The cancer is known as diffuse intrinsic pontine glioma (DIPG). Dr Fatima Valdes Mora and a University of New South Wales team will be funded to develop the research through the National Health and Medical Research Council’s (NHMRC) Ideas Grant scheme.

DIPG is a type of malignant brain tumour that forms in the brainstem, impacting the function of nerves that control muscles and the sensation of the face. It is one of the most aggressive of all childhood cancers.

More than 80 per cent of patients diagnosed with DIPG carry the same genetic mutation that makes the cancer cells more aggressive.

Clinical outcomes have not improved in over 50 years, and more than 250 clinical trials have failed.

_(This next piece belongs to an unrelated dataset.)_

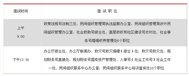 面试按不同职位分上、下午进行,请考生按各职位要求分别于相应时间报到并参加面试。具体安排如下:

Dr Valdes Mora is developing a new treatment that targets this disease-causing genetic mutation commonly found in patients with DIPG. The therapy will aim to reverse the molecular changes that make DIPG challenging to treat.

“DIPG is one of the most aggressive childhood brain cancers. Research to develop effective treatments is desperately needed," said Minister Butler.

“This innovative strategy for treating DIPG holds great promise, and could spark hope of better clinical outcomes for children and their families.”

“DIPG is a type of paediatric brain cancer with no cure and no treatment options," said Dr Mora.

“Even though the main genetic cause of DIPG (a mutation called H3K27M) has been known since 2012, the survival rate for DIPG patients hasn't improved over the last 50 years, due to the inability to target the mutation directly.

“Our goal is to identify specific DNA regions related to H3K27M that cause DIPG to simultaneously and specifically target them using advanced systems and technologies.

“This project stands out by bringing together a diverse team of national and international researchers to create a new type of therapy to treat DIPG based on the Nobel Prize-winning CRISPR/Cas technology in a way that no-one has attempted before," added Dr Mora.